QSRR model construction and parameters
The model construction and hyperparameter optimization was performed in MATLAB R2021b. A set of 1820 chemicals of emerging contaminants with known RT values on CM 03p was collected from the report by Aalizadeh et al. 9. From all the molecules in CM 03p (except for 154 that overlapped with our 343 molecules), 75% of them (N = 1258) were randomly selected and used as a training set, whereas the remaining molecules including the overlapping molecules (N = 562) were used as validation set. Their molecular structure data (with extension .mol) were collected from the PubChem database (https://pubchem.ncbi.nlm.nih.gov/), and a total of 1444 2D–molecular descriptors were calculated for each compound using PaDel-descriptor39. An artificial neural network (ANN) based on multilayer perceptron was used to develop the QSRR model. The perceptron consisted of 1444 artificial neurons in the input layer, 10 artificial neurons in the hidden layer, and 1 neuron in the output layer. The Bayesian Regularization Backpropagation method was used to train the network, and the learning was completed in 58 epochs. ANN analysis was performed on the training and validation sets by an iterative minimization program to optimize parameters. This model was used to predict the RT of 343 molecules in the MCMRT database and 2935 putative candidates for 112 unknown identities observed on 30 OCMs (see section “Retention time projection”). From the 343 molecules, 335 with observed experimental RT on CM 03 were used as the external set to validate the generalization ability of the learned ANN via predicted–experimental projection. The predicted RTs of these molecules were projected onto CM 03 and compared with their experimental RTs.
Retention time projection
The projection of RT values from one CM onto another is performed in pairs by MATLAB R2021b. For each pair of ICM (or ReICM) and OCM, experimental RTs of calibrants are used to build a gaussian process (GP) based nonlinear regression model between RTs in the two CMs. The basis and kernel functions in GP were set as constant and rational quadratic, respectively. The hyperparameters were optimized with the quasi–newton method. This model allowed adjusting all the experimental and predicted RTs via experimental/predicted–experimental projections to make them comparable to the OCM.

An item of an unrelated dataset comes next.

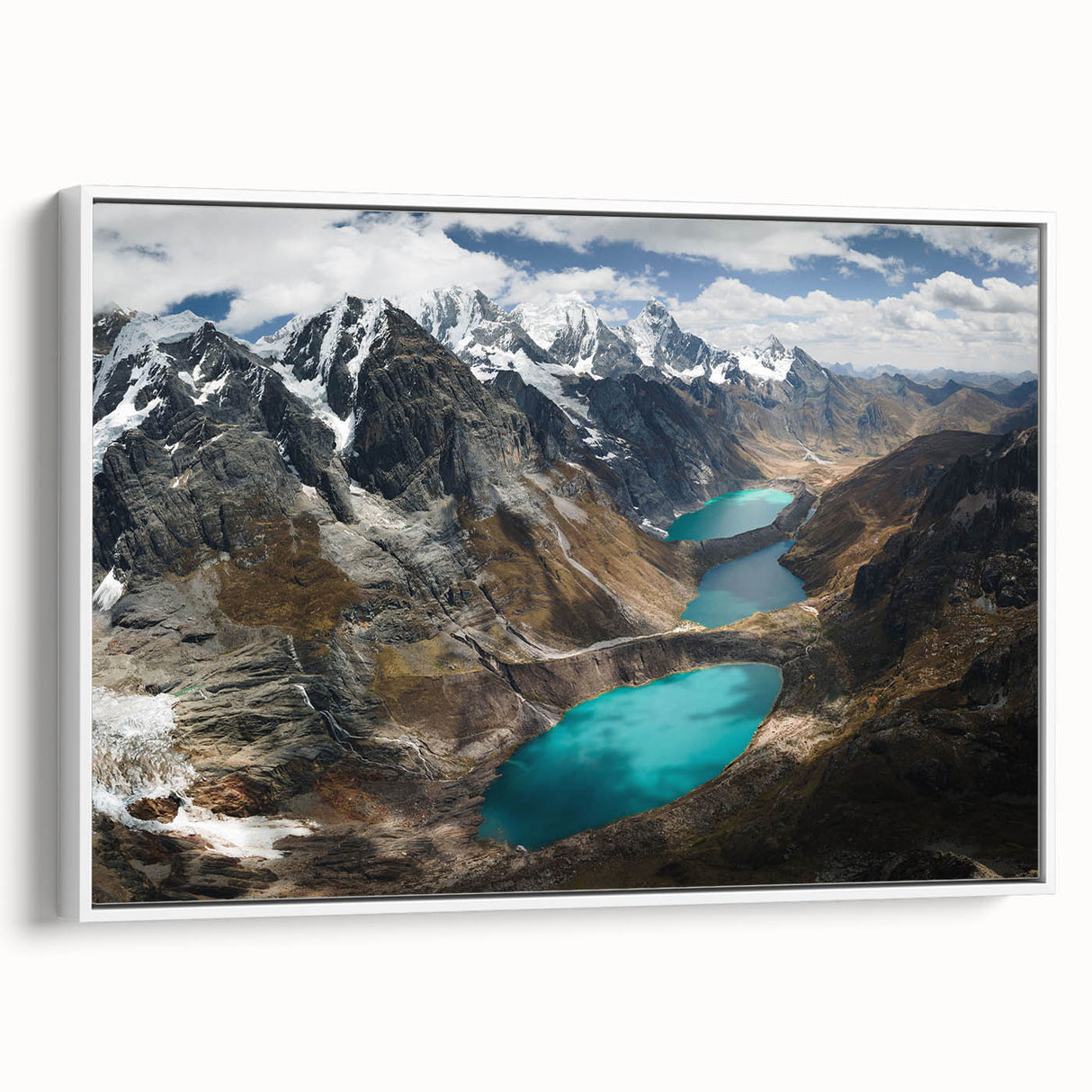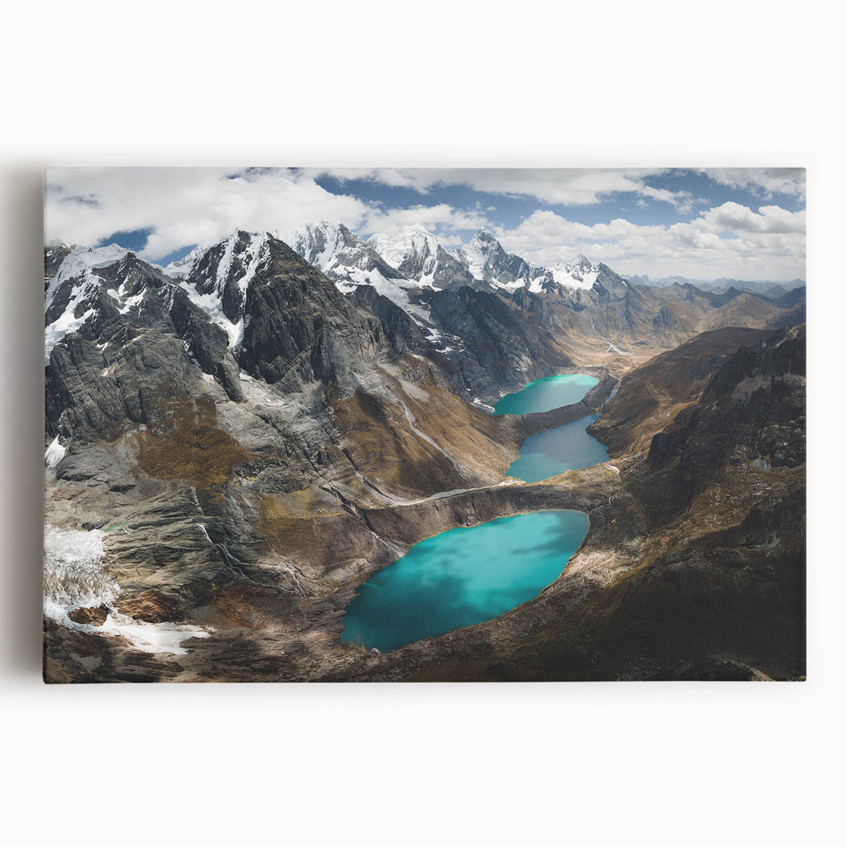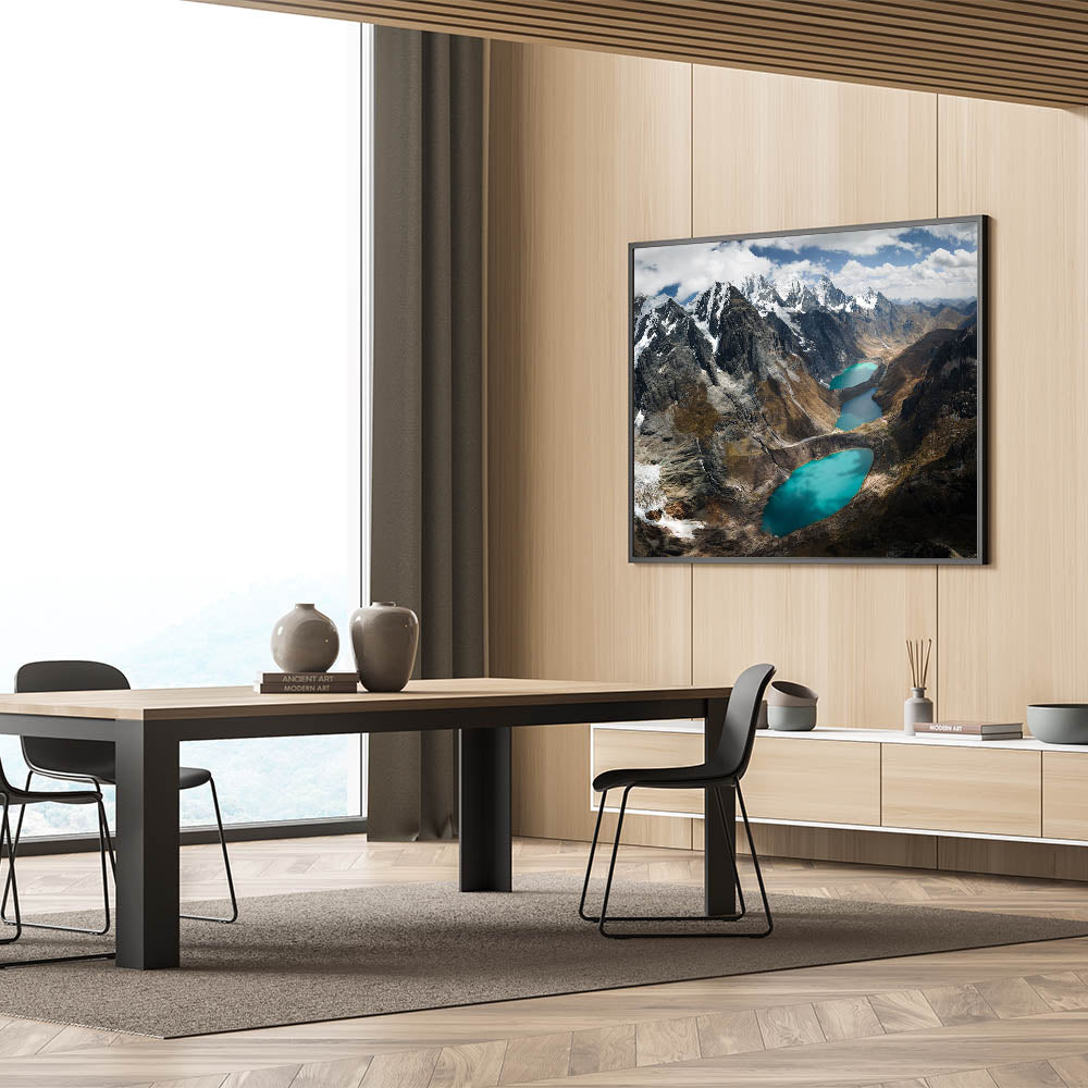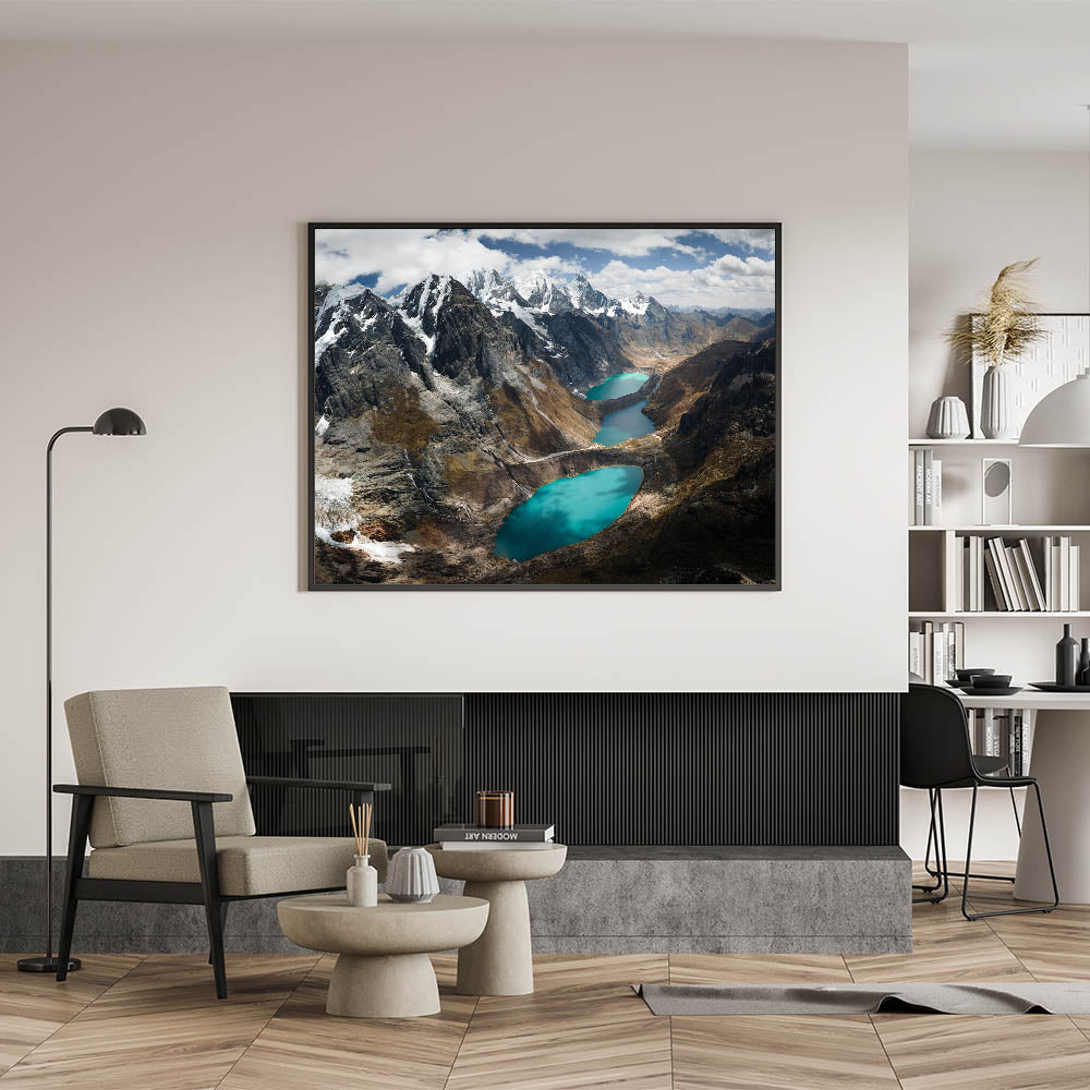 Experience the serene grandeur of the "Glacial Lakes of the Peruvian Andes Canvas Art." This striking piece showcases the awe-inspiring beauty of Peru’s high-altitude lakes, nestled among rugged mountains under a vast, cloud-strewn sky.

Post–projection calibration for experimental RT
All 30 CMs in MCMRT were used as ICMs, and for each ICM, an appropriate ReICM was selected from the remaining 29 CMs, followed by using the remaining 28 CMs as their OCMs, respectively. To select the most appropriate calibrants, we used five different sets of calibrants to perform post–projection calibration, including projecting all experimental RTs from ICM to OCM and calibrating all projected RTs in each OCM. Specifically, the experimental RTs of calibrants in each pair ICM and OCM were used to train a main projection model, to derive the projected RT in OCM for all molecules in MCMRT. The projected and experimental RTs in each OCM were compared to test the performance of experimental–experimental projections. Then, the experimental RTs of calibrants in each pair of ReICM and OCM were used to train a ReProjection model, to derive the RePRT in OCM for all molecules in MCMRT. The projected RT and RePRT in each OCM were compared to test the performance of post–projection calibration for experimental RT.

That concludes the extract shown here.